Another problem is the general incompleteness of the statistical data. Only certain parameters can be determined, but in reality there are many more factors that influence the costs of data access. There are often interactions between the individual predicates that are not taken into account in the model of statistical numbers.

The determination of histograms or frequency distributions - if the DBMS offers the possibility - is very time-consuming and additional storage space is required to store this data.

It is not only important that the execution of a query is optimized, but the determination of the optimal execution plan itself must not take too long. So that the search for complex accesses does not take too long, only part of the theoretically possible access plans are examined in many DBMS. B. only a maximum of 2000. All other access plans are not even analyzed. This has the consequence that with a complex access, in which z. B. 200,000 theoretically possible access plans exist, only 1% of all access plans are examined more closely. The probability that a good and fast access plan will be found with this approach is rather low. In fact, it often happens that for SQL statements in which many tables (e.g. more than 10) are joined together, execution plans with an unsatisfactory runtime are used, although there are other execution plans that are a hundred times faster than the desired ones Would provide data.

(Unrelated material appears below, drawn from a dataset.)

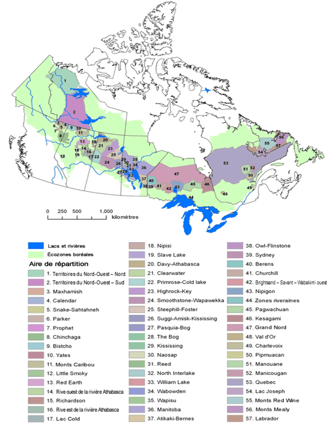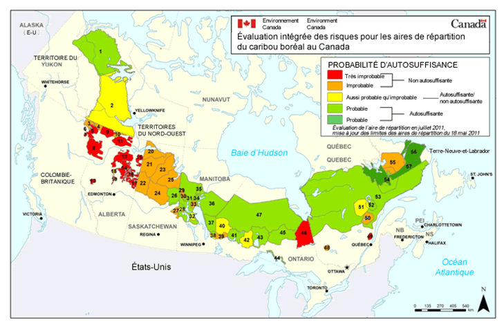 - La plupart des aires de répartition du caribou boréal au Canada n'ont pas été entièrement décrites en raison d'un manque de données normalisées sur l'emplacement des animaux et d'une mauvaise compréhension des mouvements au sein des aires de répartition. Bien que 57 aires de répartition soient toujours actuellement reconnues par les compétences responsables au Canada, des changements ont été apportés à la délimitation des aires de répartition du caribou boréal depuis l'évaluation scientifique de 2008, par différentes compétences, en fonction de différents critères. La question de la délimitation appropriée des aires de répartition transfrontalières demeure non résolue.

Another disadvantage of the cost-based optimizer is the unexpected change in an execution plan. Since the execution plan is not defined once, but is determined anew every time, after every update of the statistics, and especially after every release change of the DBMS software, there is a possibility that a less favorable execution plan will be used. This is then mathematically better, but actually worse than the one previously used. Such a change in an execution plan can increase the execution time by a factor of 10 or 100. This can be the reason why a program that has been in use for months with good performance suddenly gets significantly worse performance.

Individual evidence

^ Christian Antognini: Troubleshooting Oracle Performance . 2011, ISBN 978-1-4302-4296-3 , chapter Processing Joins .
↑ Jonathan Lewis: Cost-Based Oracle Fundamentals . Apress, New York 2006, ISBN 1-59059-636-6 , chapter 10.

[Antognini-Oracle-Joins-1] Christian Antognini: Troubleshooting Oracle Performance . 2011, ISBN 978-1-4302-4296-3 , chapter Processing Joins .

[Lewis-Oracle-2] Jonathan Lewis: Cost-Based Oracle Fundamentals . Apress, New York 2006, ISBN 1-59059-636-6 , chapter 10.